Ensure you maintain consistent data formatting and columns in both historical 
and future exogenous datasets (e.g., dates, unique_id, variable names).

```python
timegpt_fcst_ex_vars = nixtla_client.forecast(
    df=df,
    X_df=future_ex_vars_df,
    h=24,
    level=[80, 90]
)
```

### Step 5: Forecast Visualization

Once you have generated your forecasts, you can visualize the results to compare 
forecasts between the two methods above.

```python
timegpt_fcst_no_ex_vars.rename(columns={"TimeGPT": "TimeGPT_no_ex_vars"}, inplace=True)
timegpt_fcst_ex_vars.rename(columns={"TimeGPT": "TimeGPT_ex_vars"}, inplace=True)

all_forecasts = (
    timegpt_fcst_no_ex_vars
    .merge(
        timegpt_fcst_ex_vars,
        how='outer',
        on=["unique_id", "ds"]
    )
)
```

```python
nixtla_client.plot(
    df[["unique_id", "ds", "y"]],
    all_forecasts,
    max_insample_length=1000,
)
```

<Frame>
  ![Forecast chart](/images/docs/exo_no_exo_comparison.png)
</Frame>

## Key Takeaways

- Exogenous variables enrich time series forecasting.
- Ensure proper alignment of historical and future exogenous data.

## Next Steps

  Congratulations!
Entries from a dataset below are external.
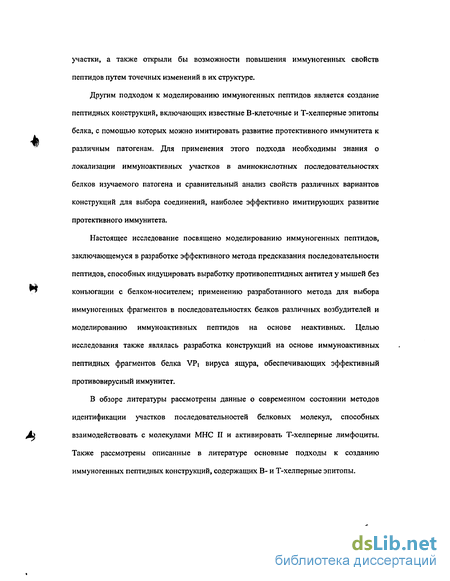 Настоящее исследование посвящено моделированию иммуногенных пептидов, заключающемуся в разработке эффективного метода предсказания последовательности пептидов, способных индуцировать выработку противопептидных антител у мышей без конъюгации с белком-носителем; применению разработанного метода для выбора иммуногенных фрагментов в последовательностях белков различных возбудителей и моделированию иммуноактивных пептидов на основе неактивных. Целью исследования также являлась разработка конструкций на основе иммуноактивных пептидных фрагментов белка VPj вируса ящура, обеспечивающих эффективный противовирусный иммунитет.
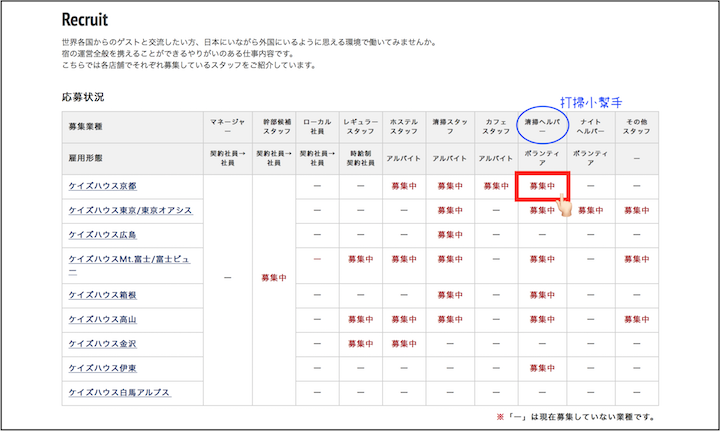 接下來就會到這頁面,看到藍色圈起來的地方「清掃ヘルパー・ボランティア」,就是指不收薪水的打掃小幫手。
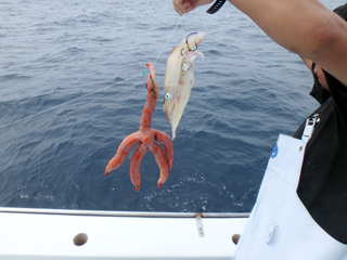 06/07 銭洲 21.3℃澄み 極の会 赤イカ作戦 カンパチ2.4-7.5kg0-2計7本、マダイ7.1kg1枚、メダイ5.5kg1枚
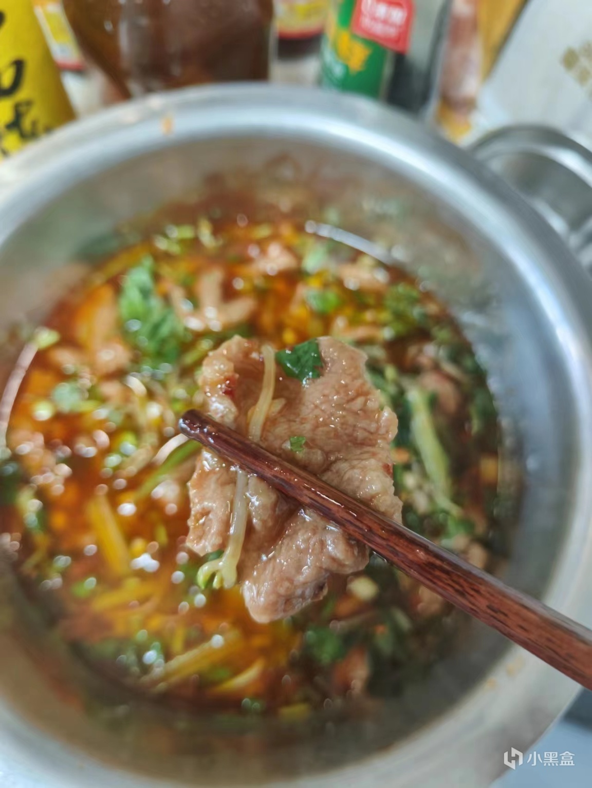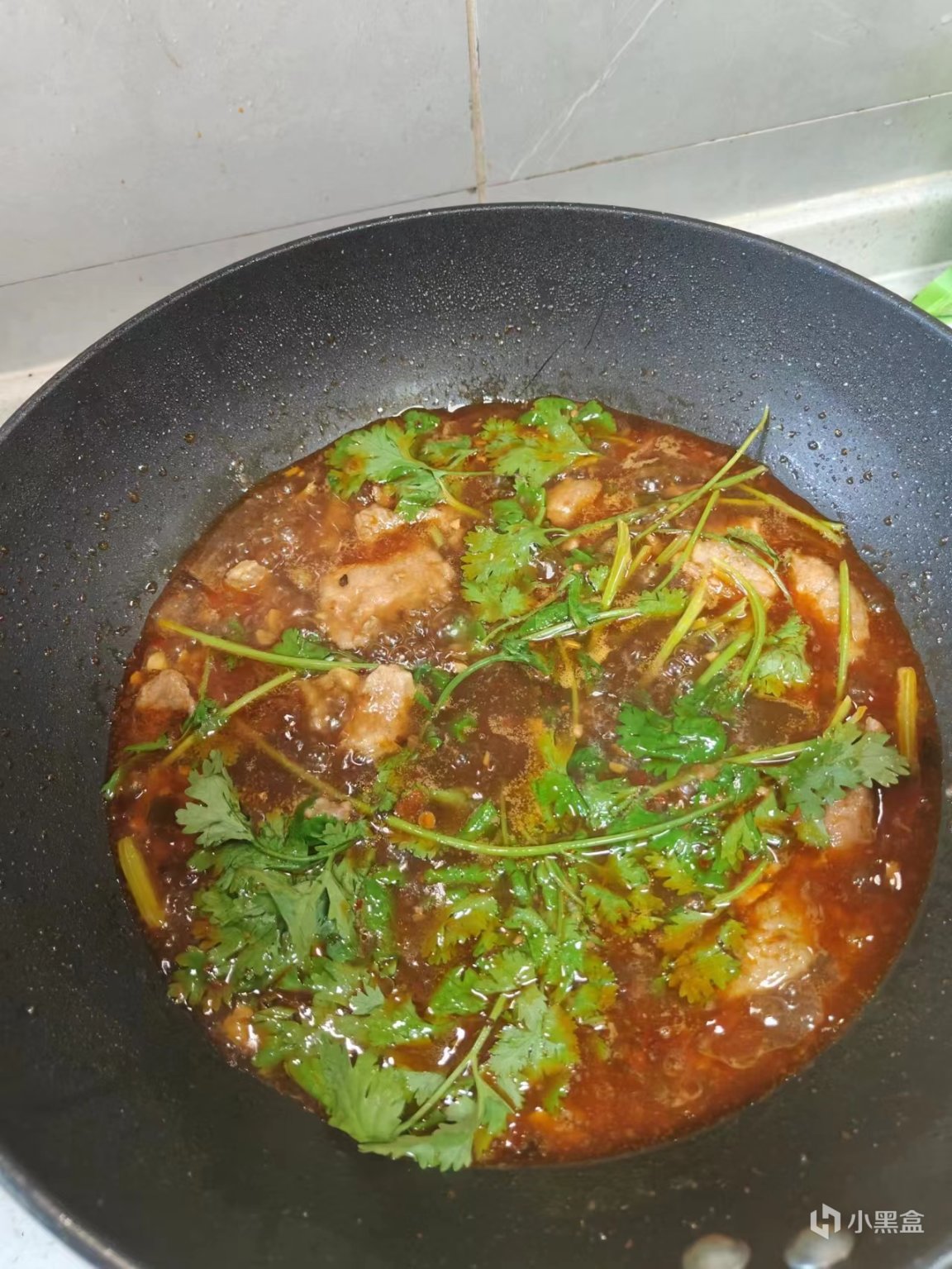 拿出冰箱裏的肉,逐片放入鍋中,放入的所有的肉片後不要攪動,輕輕推鍋,讓肉片慢慢移動防止粘鍋,然後再倒入一點澱粉水收汁,待肉片變色後放入一把香菜,最後將所有的湯和肉倒入豆芽芹菜託底的碗裏
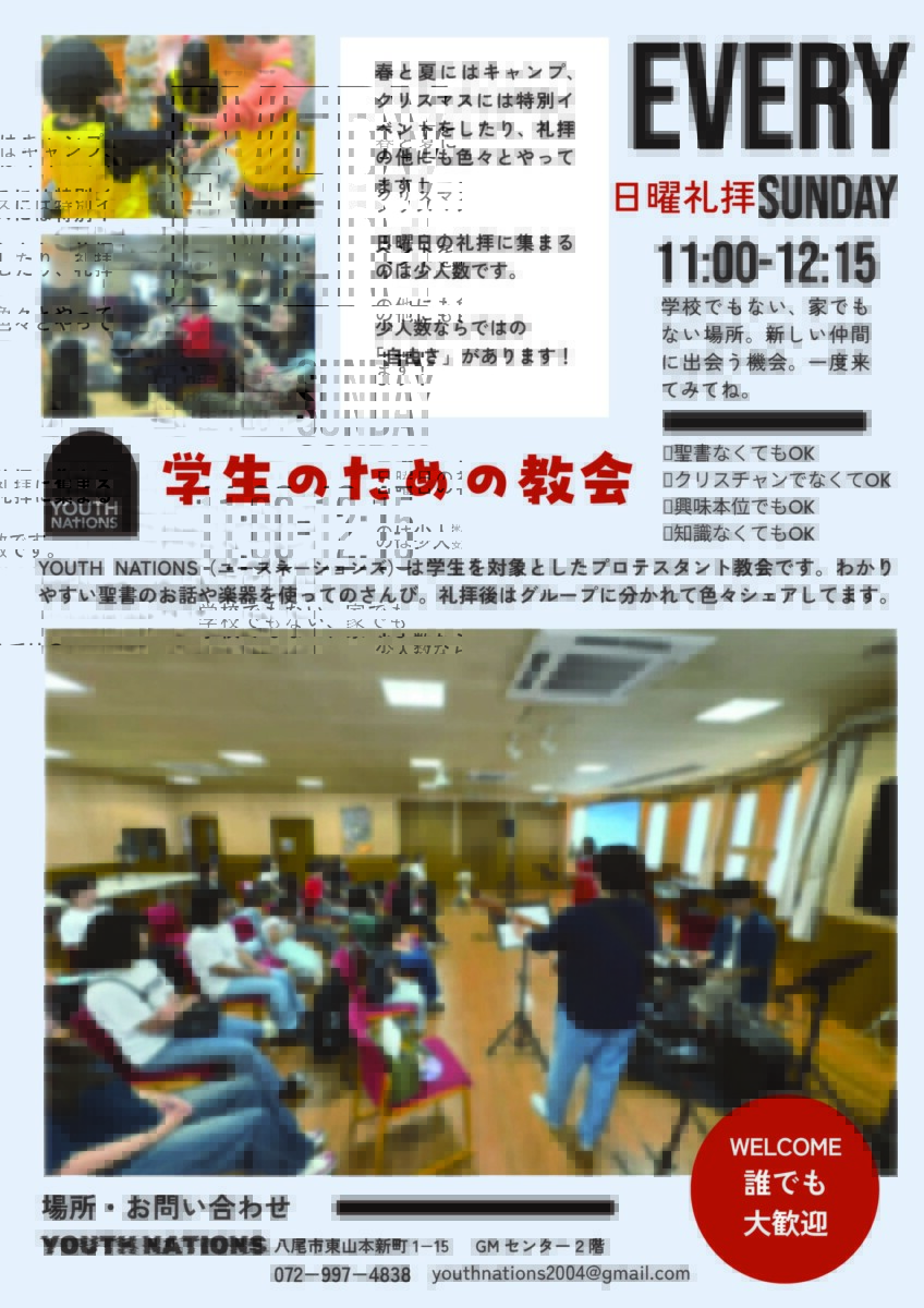 YOUTH NATIONS(ユースネーションズ)は学生を対象としたプロテスタント教会です。
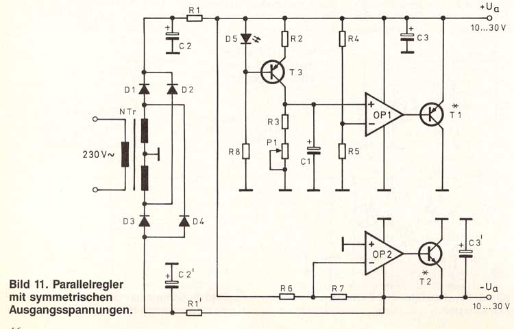 Dieses Netzteil eignet sich natürlich für alle Vorstufenschaltungen, Filter oder ähnlichen. Man kann z.B. diese Schaltung als 'Hauptregler' einsetzen und alle Halbleiter und OP´s noch zusätzlich mit weiteren Reglern gegeneinander entkoppeln. Dazu bieten sich einfache Z-Dioden an, denn diese sind ja die einfachsten Parallelregler. Natürlich kann man die hohe Güte dieser Regelung nutzen und alle OP´s eines Gerätes mit separaten Reglern ausstatten. Sie können versichert sein : Selbst die größten HIGH-END-Vorstufen sind da nicht besser.

You have mastered the fundamentals of adding exogenous 
  variables to your TimeGPT forecasts. Keep refining your approach by 
  
- Exploring feature engineering to create domain-specific exogenous data.
- Experimenting with different modeling approaches for external variables.
- Validating forecast accuracy by comparing with real future data.